:: Task description ::
What you write must match the records exactly, except for the images, which are left out.

:: Exercise inputs ::

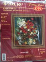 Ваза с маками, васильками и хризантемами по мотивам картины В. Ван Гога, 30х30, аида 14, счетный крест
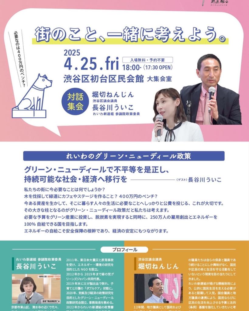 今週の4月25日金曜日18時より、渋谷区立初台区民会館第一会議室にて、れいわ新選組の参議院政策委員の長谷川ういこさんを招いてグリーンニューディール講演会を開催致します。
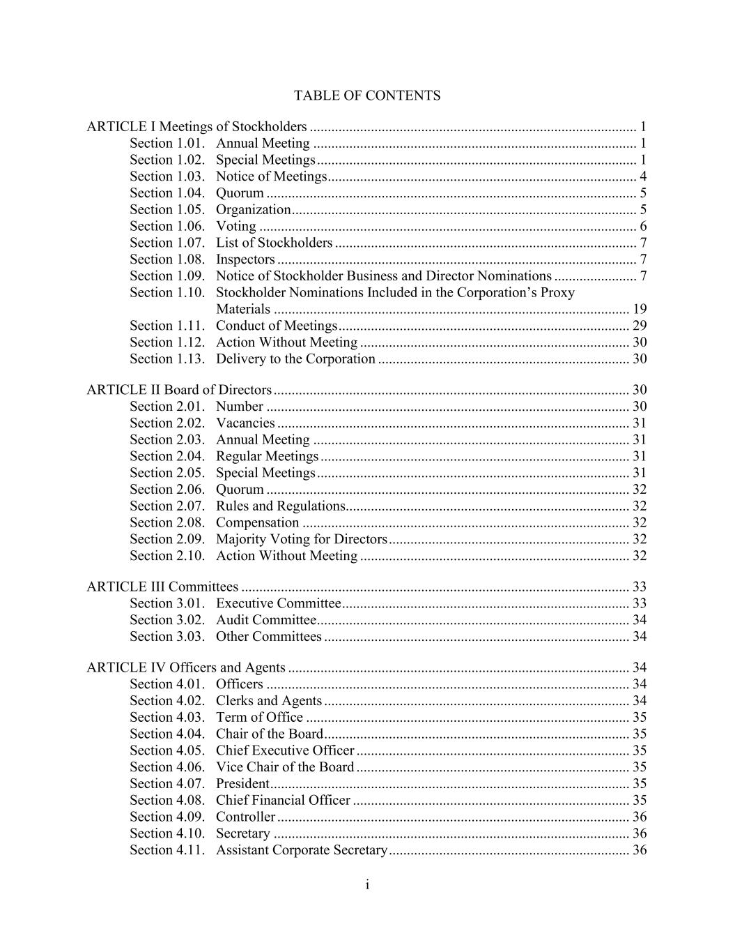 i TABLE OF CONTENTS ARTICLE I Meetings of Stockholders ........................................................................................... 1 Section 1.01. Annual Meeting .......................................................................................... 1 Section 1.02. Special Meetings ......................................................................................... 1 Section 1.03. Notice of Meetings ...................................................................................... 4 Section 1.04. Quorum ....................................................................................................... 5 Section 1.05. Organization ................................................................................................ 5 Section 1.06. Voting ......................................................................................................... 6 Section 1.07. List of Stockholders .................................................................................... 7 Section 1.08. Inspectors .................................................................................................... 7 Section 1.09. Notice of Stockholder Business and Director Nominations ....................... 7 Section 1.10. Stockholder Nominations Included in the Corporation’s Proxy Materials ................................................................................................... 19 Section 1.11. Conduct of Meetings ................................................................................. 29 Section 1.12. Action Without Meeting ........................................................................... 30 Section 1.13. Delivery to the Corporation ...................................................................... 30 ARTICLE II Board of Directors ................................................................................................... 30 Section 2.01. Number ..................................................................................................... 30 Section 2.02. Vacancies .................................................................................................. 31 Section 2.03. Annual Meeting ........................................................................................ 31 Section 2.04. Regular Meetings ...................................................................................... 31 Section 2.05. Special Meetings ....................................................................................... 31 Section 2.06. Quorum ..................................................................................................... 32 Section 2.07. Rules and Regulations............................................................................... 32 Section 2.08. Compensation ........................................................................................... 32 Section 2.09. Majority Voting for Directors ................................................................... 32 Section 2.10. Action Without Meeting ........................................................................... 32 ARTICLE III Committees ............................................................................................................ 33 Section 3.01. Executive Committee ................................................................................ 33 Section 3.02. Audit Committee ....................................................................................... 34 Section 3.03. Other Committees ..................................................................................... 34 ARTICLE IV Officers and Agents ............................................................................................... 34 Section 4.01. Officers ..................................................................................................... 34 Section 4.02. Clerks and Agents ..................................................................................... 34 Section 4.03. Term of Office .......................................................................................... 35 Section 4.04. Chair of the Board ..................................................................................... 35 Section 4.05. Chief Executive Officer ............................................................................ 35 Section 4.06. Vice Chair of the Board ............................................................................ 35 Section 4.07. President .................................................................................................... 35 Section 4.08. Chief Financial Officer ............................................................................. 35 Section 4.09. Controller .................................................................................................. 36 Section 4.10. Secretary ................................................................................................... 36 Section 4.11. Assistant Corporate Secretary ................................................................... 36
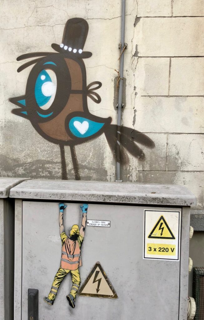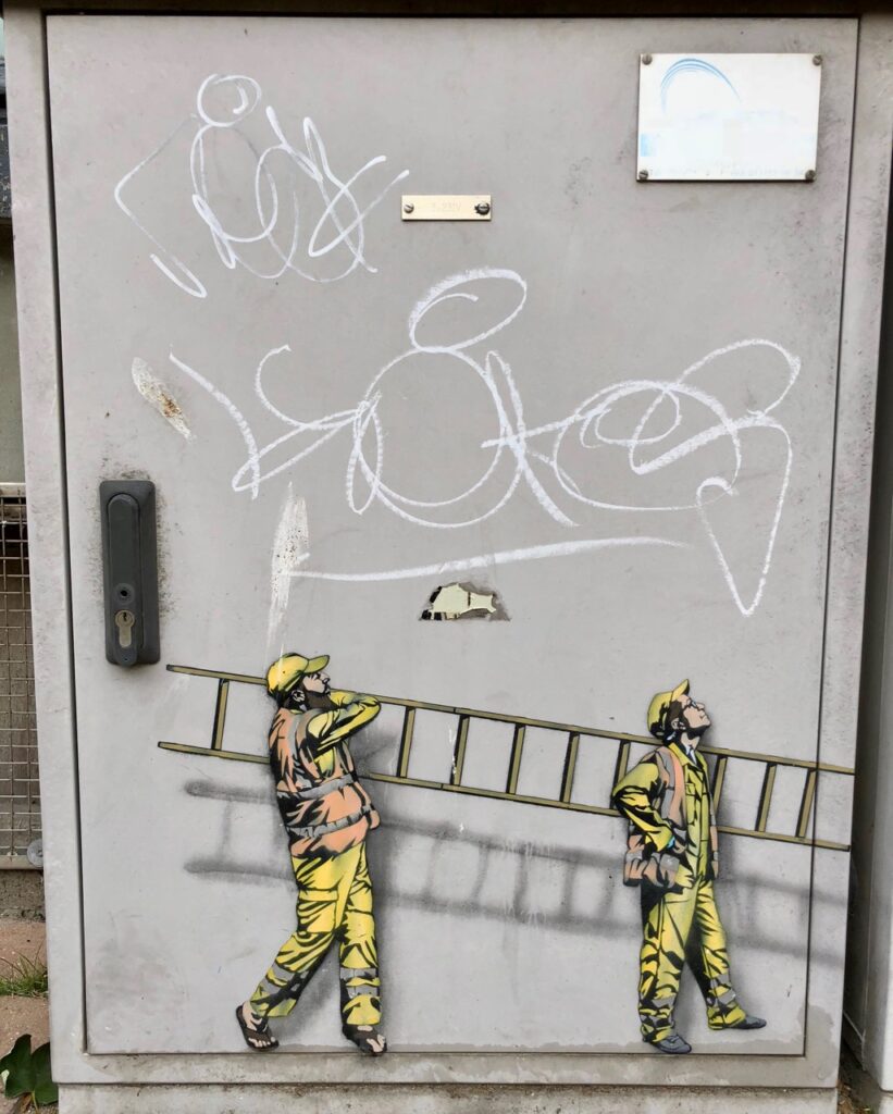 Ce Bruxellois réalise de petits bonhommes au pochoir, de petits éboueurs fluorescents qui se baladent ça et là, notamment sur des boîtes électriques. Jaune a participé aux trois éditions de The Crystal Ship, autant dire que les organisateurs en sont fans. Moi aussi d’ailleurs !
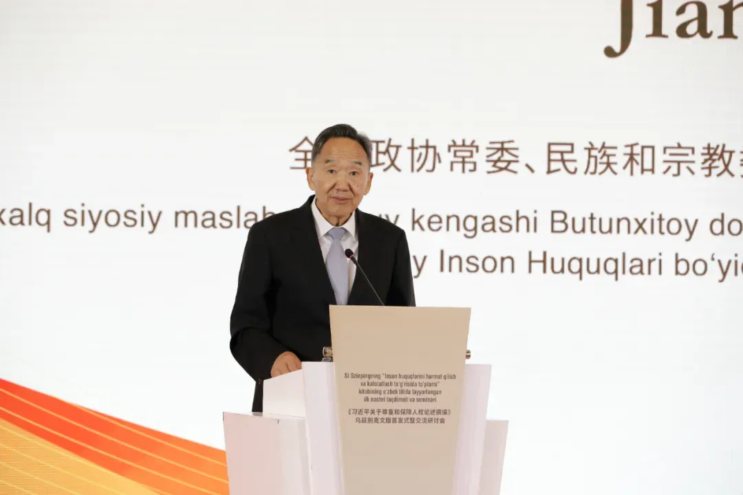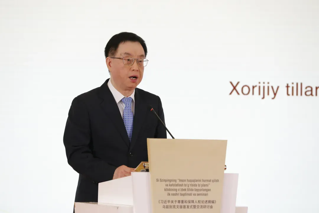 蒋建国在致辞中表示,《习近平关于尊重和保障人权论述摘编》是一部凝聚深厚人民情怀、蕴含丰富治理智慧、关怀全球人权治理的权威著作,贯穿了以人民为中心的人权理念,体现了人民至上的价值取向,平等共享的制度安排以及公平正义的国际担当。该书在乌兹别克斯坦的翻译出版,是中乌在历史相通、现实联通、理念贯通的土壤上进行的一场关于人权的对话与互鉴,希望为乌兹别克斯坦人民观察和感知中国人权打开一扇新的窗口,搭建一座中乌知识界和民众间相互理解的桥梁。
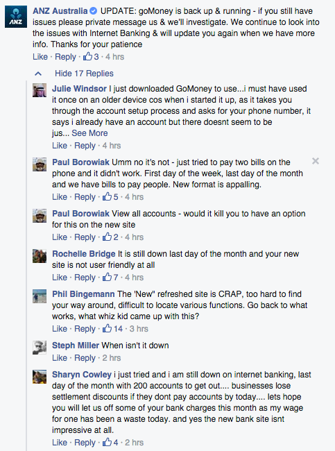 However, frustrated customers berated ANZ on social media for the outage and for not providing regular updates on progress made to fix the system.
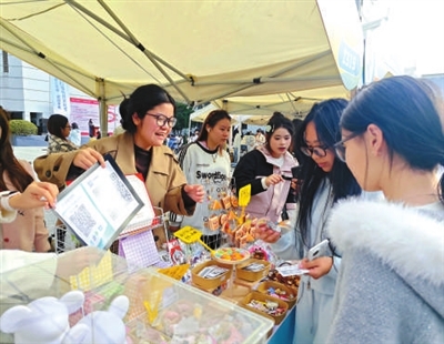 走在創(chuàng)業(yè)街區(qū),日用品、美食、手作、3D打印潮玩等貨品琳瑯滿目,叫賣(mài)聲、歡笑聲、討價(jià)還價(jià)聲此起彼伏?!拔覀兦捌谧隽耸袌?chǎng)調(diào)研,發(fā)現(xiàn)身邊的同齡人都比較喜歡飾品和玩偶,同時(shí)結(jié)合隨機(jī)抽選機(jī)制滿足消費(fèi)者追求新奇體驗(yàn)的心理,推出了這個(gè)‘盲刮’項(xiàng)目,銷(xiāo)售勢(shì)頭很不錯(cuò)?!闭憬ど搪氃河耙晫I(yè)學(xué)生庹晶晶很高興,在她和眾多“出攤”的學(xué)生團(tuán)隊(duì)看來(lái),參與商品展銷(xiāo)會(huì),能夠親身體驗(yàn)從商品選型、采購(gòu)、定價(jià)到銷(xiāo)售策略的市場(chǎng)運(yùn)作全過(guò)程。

:: Task output ::
 Ваза с маками, васильками и хризантемами по мотивам картины В. Ван Гога, 30х30, аида 14, счетный крест
 今週の4月25日金曜日18時より、渋谷区立初台区民会館第一会議室にて、れいわ新選組の参議院政策委員の長谷川ういこさんを招いてグリーンニューディール講演会を開催致します。
 i TABLE OF CONTENTS ARTICLE I Meetings of Stockholders ........................................................................................... 1 Section 1.01. Annual Meeting .......................................................................................... 1 Section 1.02. Special Meetings ......................................................................................... 1 Section 1.03. Notice of Meetings ...................................................................................... 4 Section 1.04. Quorum ....................................................................................................... 5 Section 1.05. Organization ................................................................................................ 5 Section 1.06. Voting ......................................................................................................... 6 Section 1.07. List of Stockholders .................................................................................... 7 Section 1.08. Inspectors .................................................................................................... 7 Section 1.09. Notice of Stockholder Business and Director Nominations ....................... 7 Section 1.10. Stockholder Nominations Included in the Corporation’s Proxy Materials ................................................................................................... 19 Section 1.11. Conduct of Meetings ................................................................................. 29 Section 1.12. Action Without Meeting ........................................................................... 30 Section 1.13. Delivery to the Corporation ...................................................................... 30 ARTICLE II Board of Directors ................................................................................................... 30 Section 2.01. Number ..................................................................................................... 30 Section 2.02. Vacancies .................................................................................................. 31 Section 2.03. Annual Meeting ........................................................................................ 31 Section 2.04. Regular Meetings ...................................................................................... 31 Section 2.05. Special Meetings ....................................................................................... 31 Section 2.06. Quorum ..................................................................................................... 32 Section 2.07. Rules and Regulations............................................................................... 32 Section 2.08. Compensation ........................................................................................... 32 Section 2.09. Majority Voting for Directors ................................................................... 32 Section 2.10. Action Without Meeting ........................................................................... 32 ARTICLE III Committees ............................................................................................................ 33 Section 3.01. Executive Committee ................................................................................ 33 Section 3.02. Audit Committee ....................................................................................... 34 Section 3.03. Other Committees ..................................................................................... 34 ARTICLE IV Officers and Agents ............................................................................................... 34 Section 4.01. Officers ..................................................................................................... 34 Section 4.02. Clerks and Agents ..................................................................................... 34 Section 4.03. Term of Office .......................................................................................... 35 Section 4.04. Chair of the Board ..................................................................................... 35 Section 4.05. Chief Executive Officer ............................................................................ 35 Section 4.06. Vice Chair of the Board ............................................................................ 35 Section 4.07. President .................................................................................................... 35 Section 4.08. Chief Financial Officer ............................................................................. 35 Section 4.09. Controller .................................................................................................. 36 Section 4.10. Secretary ................................................................................................... 36 Section 4.11. Assistant Corporate Secretary ................................................................... 36
 Ce Bruxellois réalise de petits bonhommes au pochoir, de petits éboueurs fluorescents qui se baladent ça et là, notamment sur des boîtes électriques. Jaune a participé aux trois éditions de The Crystal Ship, autant dire que les organisateurs en sont fans. Moi aussi d’ailleurs !
 蒋建国在致辞中表示,《习近平关于尊重和保障人权论述摘编》是一部凝聚深厚人民情怀、蕴含丰富治理智慧、关怀全球人权治理的权威著作,贯穿了以人民为中心的人权理念,体现了人民至上的价值取向,平等共享的制度安排以及公平正义的国际担当。该书在乌兹别克斯坦的翻译出版,是中乌在历史相通、现实联通、理念贯通的土壤上进行的一场关于人权的对话与互鉴,希望为乌兹别克斯坦人民观察和感知中国人权打开一扇新的窗口,搭建一座中乌知识界和民众间相互理解的桥梁。
 However, frustrated customers berated ANZ on social media for the outage and for not providing regular updates on progress made to fix the system.
 走在創(chuàng)業(yè)街區(qū),日用品、美食、手作、3D打印潮玩等貨品琳瑯滿目,叫賣(mài)聲、歡笑聲、討價(jià)還價(jià)聲此起彼伏?!拔覀兦捌谧隽耸袌?chǎng)調(diào)研,發(fā)現(xiàn)身邊的同齡人都比較喜歡飾品和玩偶,同時(shí)結(jié)合隨機(jī)抽選機(jī)制滿足消費(fèi)者追求新奇體驗(yàn)的心理,推出了這個(gè)‘盲刮’項(xiàng)目,銷(xiāo)售勢(shì)頭很不錯(cuò)?!闭憬ど搪氃河耙晫I(yè)學(xué)生庹晶晶很高興,在她和眾多“出攤”的學(xué)生團(tuán)隊(duì)看來(lái),參與商品展銷(xiāo)會(huì),能夠親身體驗(yàn)從商品選型、采購(gòu)、定價(jià)到銷(xiāo)售策略的市場(chǎng)運(yùn)作全過(guò)程。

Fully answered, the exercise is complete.